Drain water from soaked glutinous rice.

Steam glutinous rice with 2 pandan leaves.

When glutinous rice is about 3/4 cooked, add about 5-6 tablespoons of hot water and let steam again until the glutinous rice is cooked and soft.

Once glutinous rice is cooked stop heat.

Grease a tin or baking tray.

In a heavy-bottom pot, boil thin coconut milk and palm sugar until the palm sugar is completely dissolved.

Strain this palm sugar syrup to remove any impurities.

Return palm sugar syrup to heavy-bottom pot, add salt and the remaining two pandan leaves.

Cook for a while, stirring continuously until it bubbles.

Add coconut milk slowly and stir continuously.

Reduce heat and simmer, stirring continuously until mixture thickens.

Transfer cooked glutinous rice into the mixture.

Cook, stirring frequently until the liquid evaporates and the mixture is a glossy, thick, pliable mass.

Immediately pour the mixture into the tin / baking tray.

Using a banana leaf, press down the cake.

Cover the cake with banana leaves.

Set aside at room temperature to cool.

Cut into diamonds.

 

Mung Bean Porridge (Bubur Kacang Hijau / Bubur Kacang Ijo)

Bubur Kacang Hijau (sometimes known as “Bubur Kacang Ijo” in Indonesia), is a creamy and comforting sweet mung bean porridge. “Bubur” means “porridge”, “kacang” means “beans” and “hijau” means “green” in the Malay language which is the national language of Indonesia and Malaysia. Although Indonesian Malay and Malaysian Malay are essentially the same in that they are derived from the original Malay language, the two languages have slight differences with some words having different meanings, spelling and syntax.

Like many other dishes such as satay and rendang, this mung bean porridge is a “shared dish” having a place in both Indonesian and Malaysian cuisine although it is more popularly consumed in Indonesia. Often eaten warm, it is an ideal dessert for cold/wintery days although it could also be enjoyed chilled on hot days.

Nourishing mung beans, creamy coconut milk (known as “santan” in Malay) and fragrant pandan leaves are combined and sweetened with an unrefined form of palm sugar (known as “gula jawa” in Indonesia or “gula melaka” in Malaysia) to bring out a dessert that is not just delicious but nutritious as well. Gula jawa or gula melaka not only sweetens but adds a very distinctive flavor which cannot be replaced with modern-day refined sugar. Add gula jawa / gula melaka to your taste, some like the porridge very sweet while some like it mildly sweetened. The coconut milk may curdle when boiled together with the gula jawa / gula melaka so add it after boiling the milk.

Ingredients:

  • ½ cup mung beans
  • Gula jawa / gula melaka – as desired
  • 2-3 pandan leaves – tied to a knot
  • 1 cup thick coconut milk
  • Water as required to cook mung beans
  • 1 cm piece ginger
  • Pinch of salt

Method:

Wash and soak the mung beans in water for at least 12 hours or overnight. Soaking helps soften the beans and reduce cooking time.
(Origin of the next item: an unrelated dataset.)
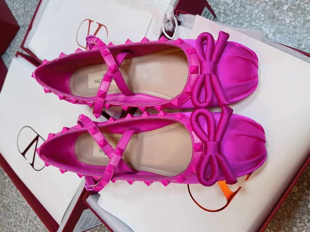 Valentino Garavani Rockstud Satin Ballerinas With Tone On Tone Studs Pink 3W2S0Hb6Mju Uwt

Bruise the ginger or pound in a pestle and mortar till bruised but not finely crushed.

Combine the soaked mung beans, ginger, padan leaves and water as required to cook the mung beans.

Cook the beans over medium heat until beans are well cooked and very soft. If it’s too dry, add a bit of water.

Once beans are softened, pour coconut milk, pinch of salt, and bring to a boil over low heat.

Once boiling, stop heat.

To serve, dish out some mung bean porridge into a bowl and sweeten with crushed gula jawa / gula melaka as desired.